Reputation: 9823
I'm just learning matlab and I have a snippet of code which I don't understand the syntax of. The x is an n x 1 vector.
Code is below
p = (min(x):(max(x)/300):max(x))';
The p vector is used a few lines later to plot the function
plot(p,pp*model,'r');
Upvotes: 0
Views: 65
Reputation: 1
This code examines an array named x
, and finds its minimum value min(x)
and its maximum value max(x)
. It takes the maximum value and divides it by the constant 300.
It doesn't explicitly name any variable, setting it equal to max(x)/300
, but for the sake of explanation, I'm naming it "incr", short for increment.

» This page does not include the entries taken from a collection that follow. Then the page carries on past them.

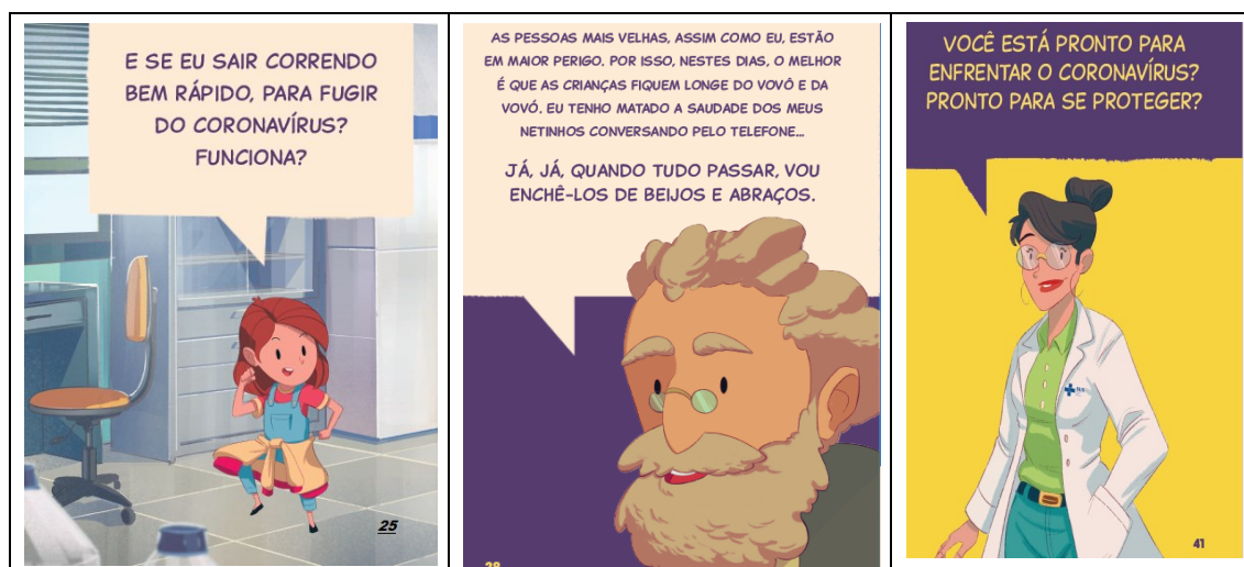
Figura 4 – Imagens das vozes representativas da Cartilha (p. 25; 28; 41)

Em outros excertos da cartilha, a interação autor-leitor é mediada pela interpelação avaliativa, com indicadores modais: “é importante”, “devem mostrar”, e por verbos no imperativo: “cantem, dancem, façam atividades [...]”. Essa mensagem parece apresentar a verdade a que o leitor/os pais devem aderir, no cuidado com os filhos. O mesmo movimento é constatado quando a Cartilha destaca os cuidados a serem tomados pelas crianças: “Lave as mãos com água e sabão sempre, sempre, sempre [...]; não use as mãos para cobrir a boca” (Brasil, 2020, p. 23-24). Aqui estão alguns valores que podem ser atribuídos como efeitos expressivos próprios ao gênero discursivo “Cartilha”, cujo intuito é informar, ensinar, o que reverbera em seu estilo de linguagem, ao mesmo tempo que se orienta para a realidade na busca dos atos de engajamento do leitor. Por isso, Medviédev (2019[1928]) defende que os gêneros do discurso expressam de maneira própria e única uma realidade, constituindo-se em forma de agir social.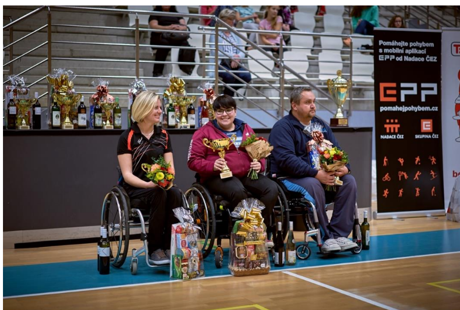
Trojice nejlepších skupiny C v roce 2018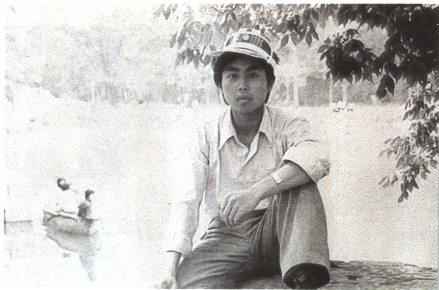
海子在北大未名湖畔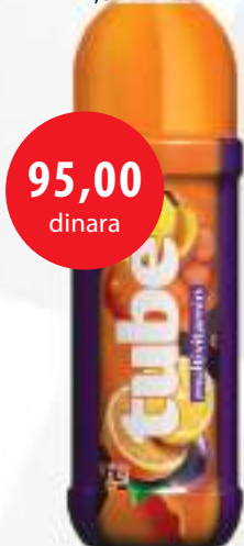
Knjaz TUBE multivitamin 1,5l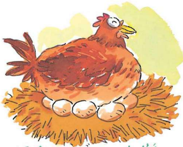
ترقد الطيور على البيض حتى يفقس.

تضع بعض الحيوانات بيضاً. وبعد وضع البيض، تبدأ الفراخ في النمو داخله. الفراخ تنقُر بعد فترة البيض فيفقس وتبدأ في الخروج.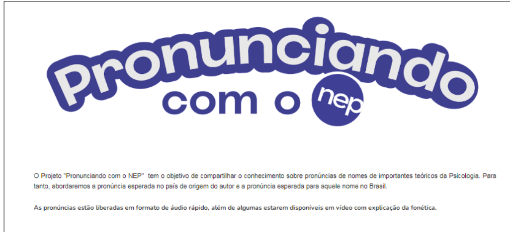
Figura 1 – Mensagem inicial sobre o projeto Pronunciando com o NEP aos visitantes do site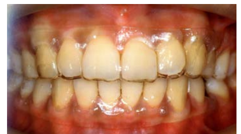
目立たない矯正装置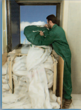
۳- کیسه پارچه‌ای را به پایین انداخته و اجازه دهید تا شوت کاملا باز شود.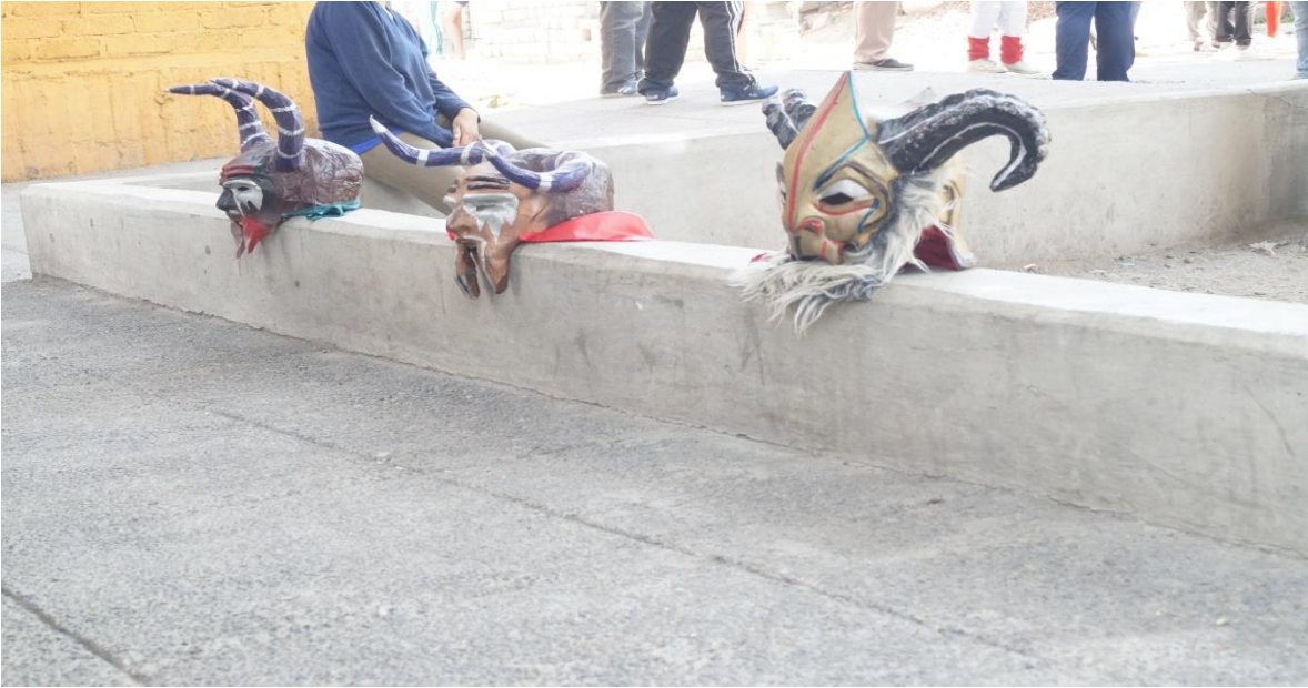
Foto: Gerardo Velarde Romero, 2018. Máscaras para el carnaval de la comparsa Zacatenco.

No obstante, lo popular también se difumina, se diluye y en ocasiones desaparece, ya que “ningún objeto tiene garantizado eternamente su carácter popular porque haya sido producido por él o éste lo consuma con avidez; el sentido y el valor populares se van conquistando en las relaciones sociales”. (García Canclini. 2002:215)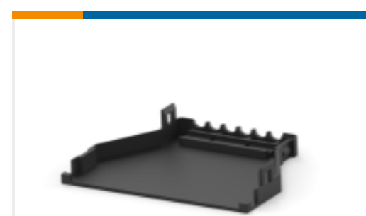
TE 产品编号1776695-1 Strain Relief, D5200, Dynamic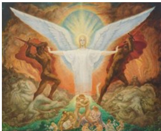
Vision de la Paix (1947) Jean Delville

In onze hedendaagse wetenschap en filosofie zowel als in religie vervangt uiterlijke schoonheid gewoonlijk de eeuwige Schoonheid, het kleed van het Ene Leven, zoals dat door individuele ervaring is waargenomen. De verantwoordelijkheid van de kunstenaar hiervoor geeft reden tot ongenoegen met het huidige wereldbeeld. Er bestaat een verband tussen een niet goed functionerende sociale orde en het verval van kunst en haar filosofie over schoonheid. Dat wil niet zeggen dat ieder veranderend gezichtspunt, een teken van verval is. Maar de weloverwogen verwerping van schoonheid als het natuurlijke kleed van universele orde en een klaarblijkelijke voorkeur voor sensationele waarden en zelfs voor grote gewelddadigheid geeft de tegenwoordige beschaving aanleiding tot het uitlokken van een ramp. Is de moderne kunst betrokken bij schoonheid? Dit is een toepasselijke vraag aan iedere leek die serieus aangekondigde tentoonstellingen bezichtigt. Het is een treurig feit dat kunst, eens de hogepriesteres van dat wat schoonheid is, uit dat ambt is ontzet en schaamteloos is vervangen door wat gelijkstaat met reclame.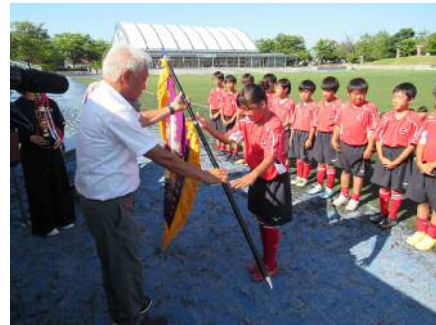
「少年サッカー大会」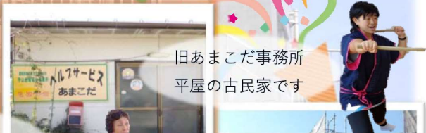
旧あまこだ事務所 平屋の古民家です

And, it creates a vector named p
. p
looks something like this:
p = [min(x), min(x) + incr, min(x) + 2*incr, ..., min(x) + 299*incr, max(x)];
Upvotes: 0
Reputation: 8459
Certainly looks to me like an odd thing to be doing. Basically, it's creating a vector of values p
that range from the smallest to the largest values of x
, which is fine, but it's using steps between successive values of max(x)/300
.
If min(x)=300
and max(x)=300.5
then this would only give 1 point for p
.
On the other hand, if min(x)=-1000
and max(x)=0.3
then p
would have thousands of elements.
In fact, it's even worse. If max(x)
is negative, then you would get an error as p
would start from min(x)
, some negative number below max(x)
, and then each element would be smaller than the last.
I think p
must be used to create pp
or model
somehow as well so that the plot works, and without knowing how I can't suggest how to fix this, but I can't think of a good reason why it would be done like this. using linspace(min(x),max(x),300)
or setting the step to (max(x)-min(x))/299
would make more sense to me.
Upvotes: 1
Reputation: 6162
It generates an arithmetic progression.
An arithmetic progression is a sequence of numbers where the next number is equal to the previous number plus a constant. In an arithmetic progression, this constant must stay the same value.
In your code,
min(x)
is the initial value of the sequencemax(x) / 300
is the increment amountmax(x)
is the stopping criteria. When the result of incrementation exceeds this stopping criteria, no more items are generated for the sequence.I cannot comment on this particular choice of initial value and increment amount, without seeing the surrounding code where it was used.
However, from a naive perspective, MATLAB has a linspace
command which does something similar, but not exactly the same.